The post-tax base case net present value (discounted by 5%) assumes prices of $3,600 per oz. gold and $48 per oz. silver for the past-producing project, and includes initial costs of $2.4 billion, according to the S-K 1300 report released this week. The report estimates a post-tax internal rate of return of 16.9% and a payback period of 4.7 years. Hycroft is about 230 km northeast of Reno.
“The project delivers strong economics and significant leverage to rising gold and silver prices, reinforcing Hycroft’s position as one of the sector’s most compelling large-scale development opportunities, located in a Tier 1 jurisdiction,” CEO Diane Garrett said in a release.
High cost mine
While the report’s economics underscore Hycroft’s scale, the study also highlights the challenges in the mine’s $2.4 billion price tag, pointing to the need to raise significant cash before it can be developed.
Eric Sprott holds about a 33% interest in Hycroft.
Hycroft shares gained more than 3% to $33.20 apiece on Thursday in New York, valuing the company at $3 billion. The stock has traded in a 12-month range of $2.93 to $58.73.
358M oz of production
The mine could produce 10.4 million oz. of gold and 347.5 million oz. silver over its life through a milling operation utilizing conventional pressure oxidation and heap leach processing. The mine is currently permitted for both and already has extensive infrastructure on site, including three-stage crushing facilities, leach pad capacity, and two Merrill Crowe plants with a refinery.
The plant is designed to process 57,100 tonnes of mineralized material per day, at an all-in sustaining cost of $2,147 per oz. of gold equivalent, the technical summary shows.
Production boost
The mine plan is based on a current resource estimate of 1.5 billion measured and indicated tonnes grading 0.33 gram gold per tonne and 11.42 grams silver for 16.4 million contained oz. gold and 562.6 million oz. silver. Inferred resources total 517 million tonnes at 0.3 gram gold and 7.9 grams silver for 5 million oz. gold and 132.8 million oz. silver.
The company sees further production upside from upgrading the inferred resources that were excluded from the mine plan. It also plans to further advance the Brimstone and Vortex discoveries, with a view of combining an underground mine option alongside the open pit to bring forward high-grade ounces earlier in the mine’s life.
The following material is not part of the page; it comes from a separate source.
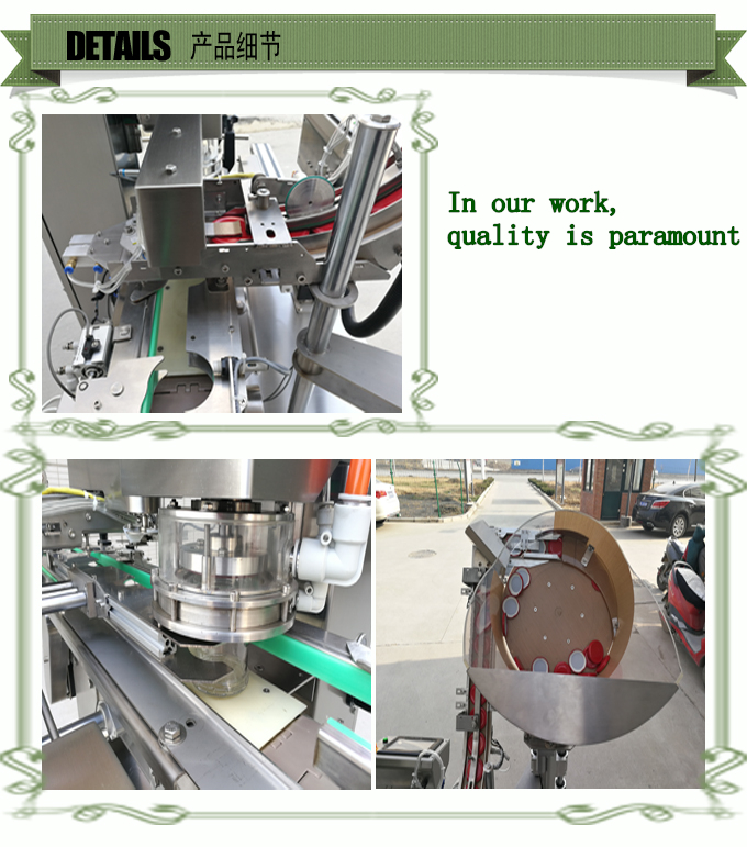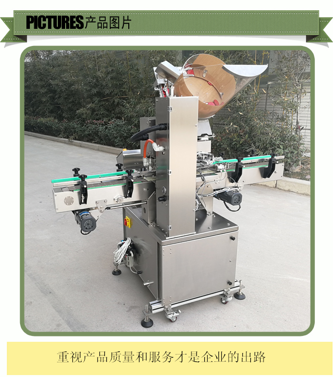 自動真空旋蓋機機是我司多名具有豐富經驗的(de)高(gāo)級工程師(shī)研(yán)發,集自動(dòng)理蓋、上蓋、自動抽真空(kōng)旋蓋於一體,手用真空(kōng)泵抽真空的方式,可(kě)獲得很高的真空度。具有無瓶不送蓋,缺蓋自動報警功能,自動化程度高,主要氣動及電器元件采用國際知名品牌,性能穩定可靠,廣泛(fàn)適用於食品罐頭、飲料、調味品、保健品(pǐn)等行業(yè)中玻璃瓶、馬口鐵蓋的真空旋(xuán)蓋。
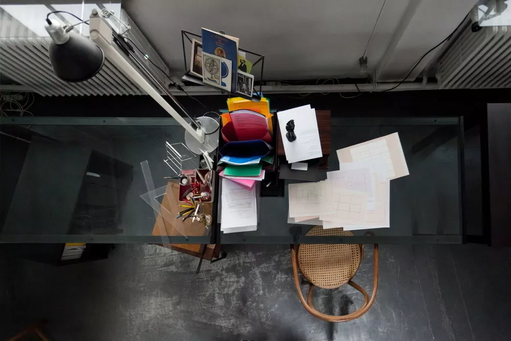 Non poteva esserci immagine più eloquente di questa fotografia per descrivere il tavolo di Giulio Paolini: una visione perfettamente prospettica, con il punto di fuga centrale, sottolineato dalle linee della lampada e dei termosifoni, che trascina vertiginosamente il nostro sguardo al centro del tavolo. Come in Disegno geometrico, la sua prima opera da cui derivano tutte le successive, la squadratura geometrica rappresenta, o meglio “presenta”, il quadro che contiene tutti i possibili quadri. A ben guardare la foto, la squadratura e la visione prospettica sono presenti anche nei disegni appoggiati in ordine sparso sul piano di lavoro, come a voler suggerire un rispecchiamento, una doublure tautologica del nostro guardare che raddoppia lo spazio reale nello spazio rappresentato.

“By advancing the high-grade Brimstone and Vortex silver systems, we see a clear path to further improving project economics and unlocking additional value,” Garrett said.
In addition, new oxide targets have been identified for potential heap leaching early in the plan, and the processing of stockpiled low-grade mill feed material is also being considered, Hycroft said. Currently, the mineral resource estimate covers just less than 15% of the 259-plus-sq.-km land position in Nevada, it added.
Hycroft produced more than 1.5 million oz. gold since mining began there in the 1980s. Operations were suspended in 2021.